As a practical lumped-modeling example, consider the simulated admittance at a guitar bridge. A highly simplified simulated example is shown in Fig. K.2.

Figure K.2: Synthetic input admittance of a passive, linear, dynamic system using a pair of resonating two-pole filters, a pair of zeros between the resonances, and a zero near dc.
\includegraphics[width=\twidth]{eps/lguitarsynth2simp2}

Like all lightly damped mechanical systems, the bridge must ``look like a spring'' at zero frequency and ``look like a mass'' at infinite frequency. This implies the driving point admittance must have a zero at DC and a pole at infinity; equivalently, the driving-point impedance must have a pole at DC and a zero at infinity. If we neglect losses, as frequency increases up from zero, the first thing we encounter in the admittance is a pole (a ``resonance'' frequency at which energy is readily accepted by the bridge from the strings). As we pass the admittance peak going up in frequency, the phase switches around from being near $ \pi/2$ (``spring like'') to being closer to $ -\pi/2$ (``mass like''). Below the first resonance, we say the system is stiffness controlled, while above the first resonance, we say the system is mass controlled. This is a completely general characterization of any lightly damped, linear dynamic system. As we proceed up the $ j\omega $ axis, we'll next encounter a zero, or ``anti-resonance,'' above which the system again appears ``stiffness controlled,'' or spring-like, and so on in alternation to infinity.

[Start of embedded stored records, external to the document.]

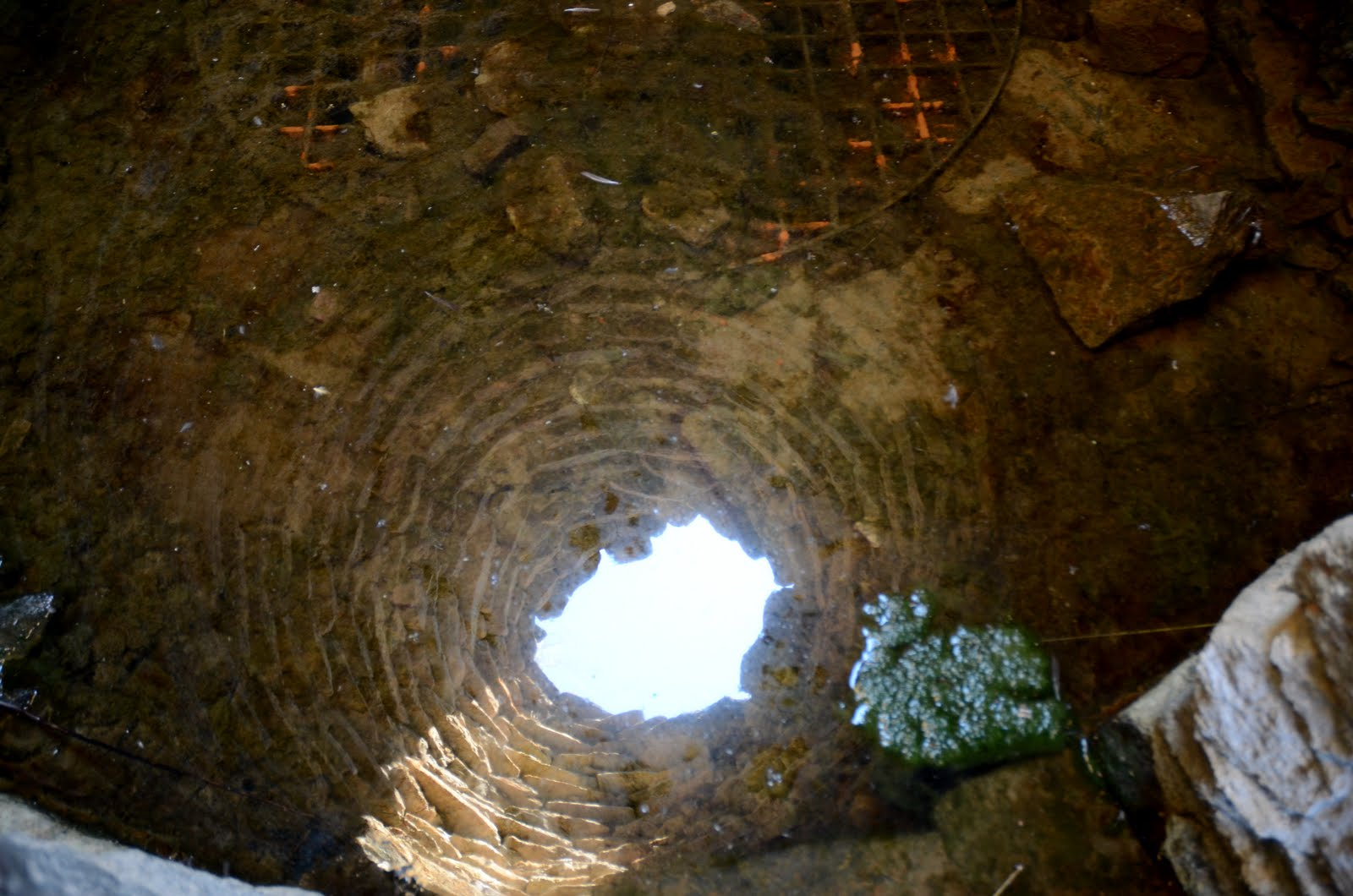 Funtana Coberta Sacred well: Base of Tholo with well mout - Ballao - Sardinia - Italy
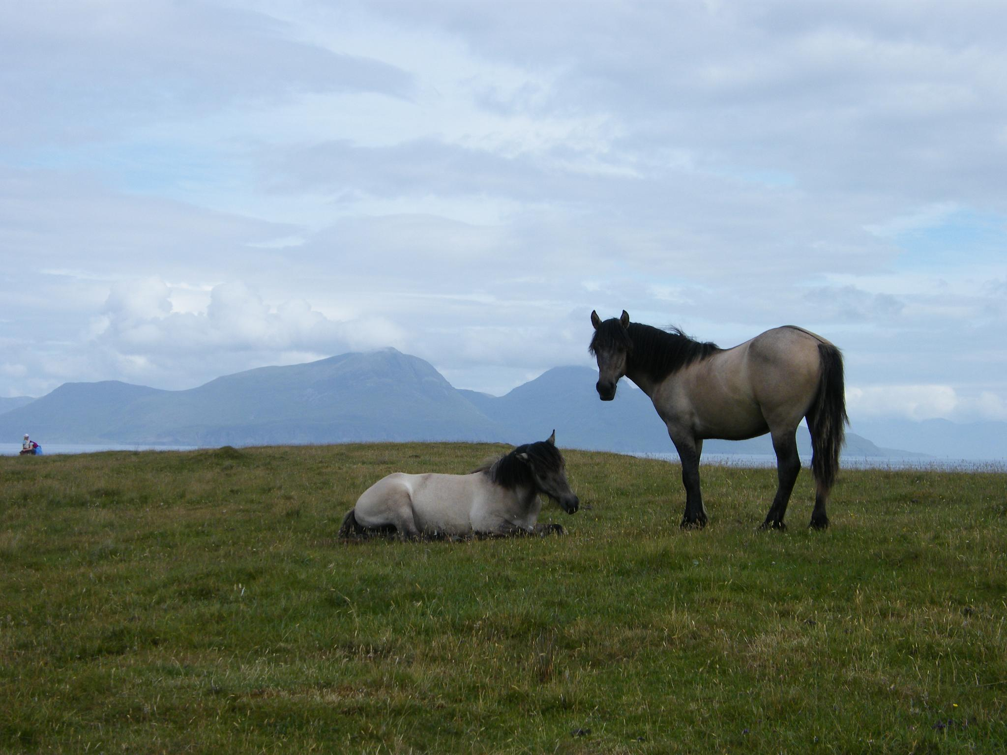 Highland Pony
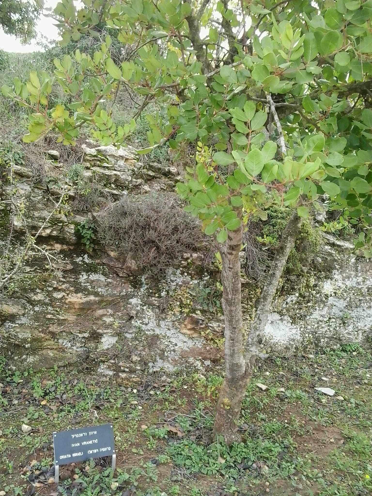 a tree planted at Yad Vashem honoring Ivan Vranetić
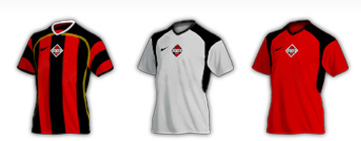 Komplet dresova FK Mačve
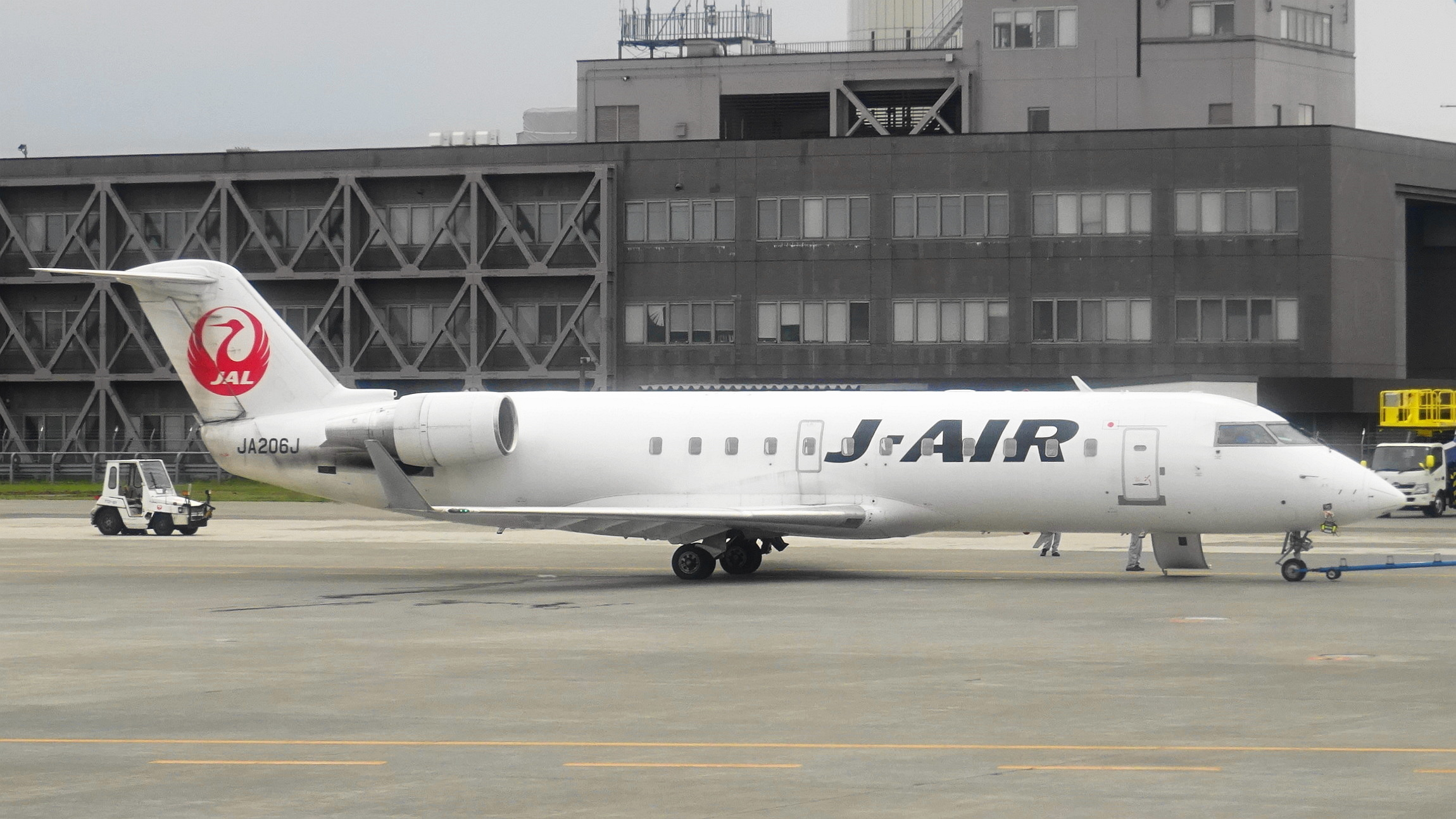 J-Air(Japan Airlines) Bombardier CRJ-200ER JA206J

Figure K.3: Input admittance of a real classical guitar bridge measured by striking the bridge with a force hammer in the vertical direction.
\includegraphics[width=\twidth]{eps/lguitardata}

A measured driving-point admittance [253] for a real guitar bridge is shown in Fig. K.3. Note that at very low frequencies, the phase information does not look like it should. This indicates a poor signal-to-noise ratio at very low frequencies. This can be verified by computing the coherence function for multiple measurements,K.2 as shown in Figures K.4 and K.5. A coherence of 1 means that all the measurements are identical, while a coherence less than 1 indicates variation from measurement to measurement, implying a low signal-to-noise ratio. As can be seen in the figures, at frequencies for which the coherence is very close to 1, successive measurements are strongly in agreement, and the data are reliable. Where the coherence drops below 1, successive measurements disagree, and the measured admittance is not even positive real at very low frequencies.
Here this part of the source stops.